## Input
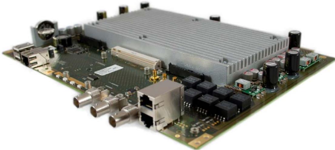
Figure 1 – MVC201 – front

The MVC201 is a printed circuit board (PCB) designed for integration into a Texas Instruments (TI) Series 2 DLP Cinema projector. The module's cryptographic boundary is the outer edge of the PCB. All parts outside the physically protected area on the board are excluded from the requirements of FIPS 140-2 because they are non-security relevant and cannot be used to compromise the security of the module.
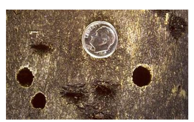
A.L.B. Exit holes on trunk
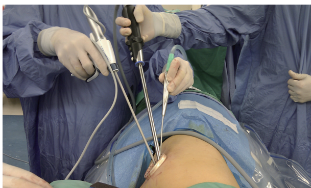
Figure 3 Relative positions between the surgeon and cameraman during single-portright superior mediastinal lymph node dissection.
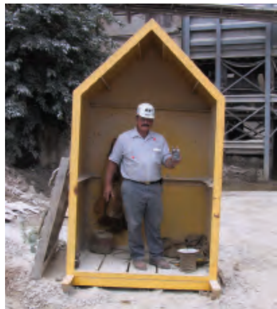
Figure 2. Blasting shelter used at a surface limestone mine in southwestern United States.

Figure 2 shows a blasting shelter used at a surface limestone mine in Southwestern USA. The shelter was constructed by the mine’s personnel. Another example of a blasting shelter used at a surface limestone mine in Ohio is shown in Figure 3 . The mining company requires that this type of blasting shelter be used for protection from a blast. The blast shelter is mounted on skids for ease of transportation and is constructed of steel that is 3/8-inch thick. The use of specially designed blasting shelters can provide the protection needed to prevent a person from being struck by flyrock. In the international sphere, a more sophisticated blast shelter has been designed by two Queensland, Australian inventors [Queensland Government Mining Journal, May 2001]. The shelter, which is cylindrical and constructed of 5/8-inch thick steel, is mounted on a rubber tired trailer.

## Exercise prompt
Take only the lines above from the one that has "Figure 3 Relative" through the one that has "Figure 2. Blasting" and reproduce them exactly, omitting any pictures.

## Finished task
Figure 3 Relative positions between the surgeon and cameraman during single-portright superior mediastinal lymph node dissection.
Figure 2. Blasting shelter used at a surface limestone mine in southwestern United States.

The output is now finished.